Census 1926 made me stop and think of the harsh life of my grandparents - RTÉ RnaG broadcaster

RTÉ Raidiio na Gaeltachta broadcaster Gormfhlaith Ní Thuairisg explores the evidence of a life of poverty and hardship in the Gaeltacht of her grandparents as revealed in the 1926 Census.

 (This article is produced by our Gaeltacht team. You can read an English version of this piece here)

RTÉ RAIDIÓ NA GAELTACHTA broadcaster Gormfhlaith Ní Thuairisg is among six well-known personalities who were given a preview of the 1926 Census records, and they are sharing what they discovered and the impact it had on them in a new documentary series to be broadcast on television this coming weekend.

The first of two programmes in the series ‘Come to Your Census’ will air this Sunday on RTÉ 1. The other personalities taking part in the series include trade unionist Mick Lynch, architect Dermot Bannon, actor Eileen Walsh, writer Joseph O’Connor and RTÉ Radio 1 broadcaster Louise Duffy.

In the first programme, the RTÉ Raidió na Gaeltachta broadcaster tells the story of her family, who were living in Connemara in 1926, alongside Lynch who takes a trip down memory lane to Cork where his family came from, and Bannon who shares the story of his family who lived in Cappoquin in County Waterford.

Speaking to The Journal, Gormfhlaith explained that she had not been keen to take part in the programme at first, as she did not believe there was “anything exceptional or different or, honestly, all that interesting about my family, compared to anyone else’s, you know?”

“We were just like any other family in Connemara, now and at that time.”

But she wanted, as she says during the programme, to find out whether the life her ancestors had led on the Lochán Beag in the Cois Fharraige area of Connemara — a place often associated with poverty and emigration — was exceptional, and whether it differed from the lives of other communities across Connemara.

Around the time of the census, her family had moved to Bóthar an Rí, which was close enough to the Lochán Beag.
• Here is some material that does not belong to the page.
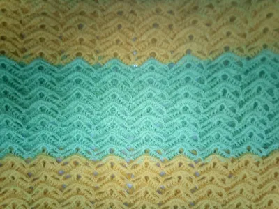Хотелось чего-:нибудь яркого, летнего, что в итоге и получилось. Вязала по мастер-классу Ангелины Озимок "Кофточка бирюза". Понравилось, очень просто и в то же время нарядно. На первой фотографии рисунок крупным планом. Все остальное на фотографиях. С уважением, Ольга Тында.
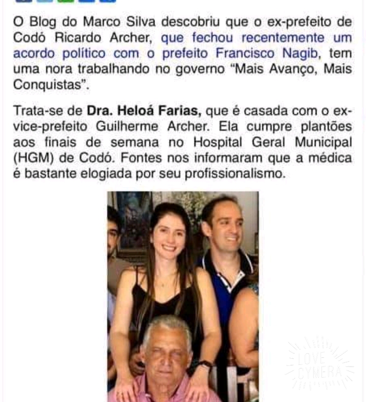 Diante disso, venho a público esclarecer que, a Dra. Heloá Helena Farias Archer, minha esposa, NÃO é funcionária da prefeitura de Codó e NÃO recebe proventos de tal.

Her grandfather, Seáinín Beag, was living there with his wife and they had three children. His wife died of tuberculosis and he married again, and they had five more children, including Gormfhlaith’s father. Then Seán Beag’s second wife died, this time of pneumonia, when her father was just three years old. Another brother had died some time before that.

He had been working on the shore, came home saying he had a headache, and died. His name was Seán.

During this part of the programme, Gormfhlaith is speaking with her own brother Lochlainn, and together they discuss some of the circumstances of the era. Speaking about these tragedies, Gormfhlaith has this to say:

“I think I didn’t really have a proper understanding of just how common death was.”

“It was. Death and poverty. Life was very harsh,” came her brother’s reply.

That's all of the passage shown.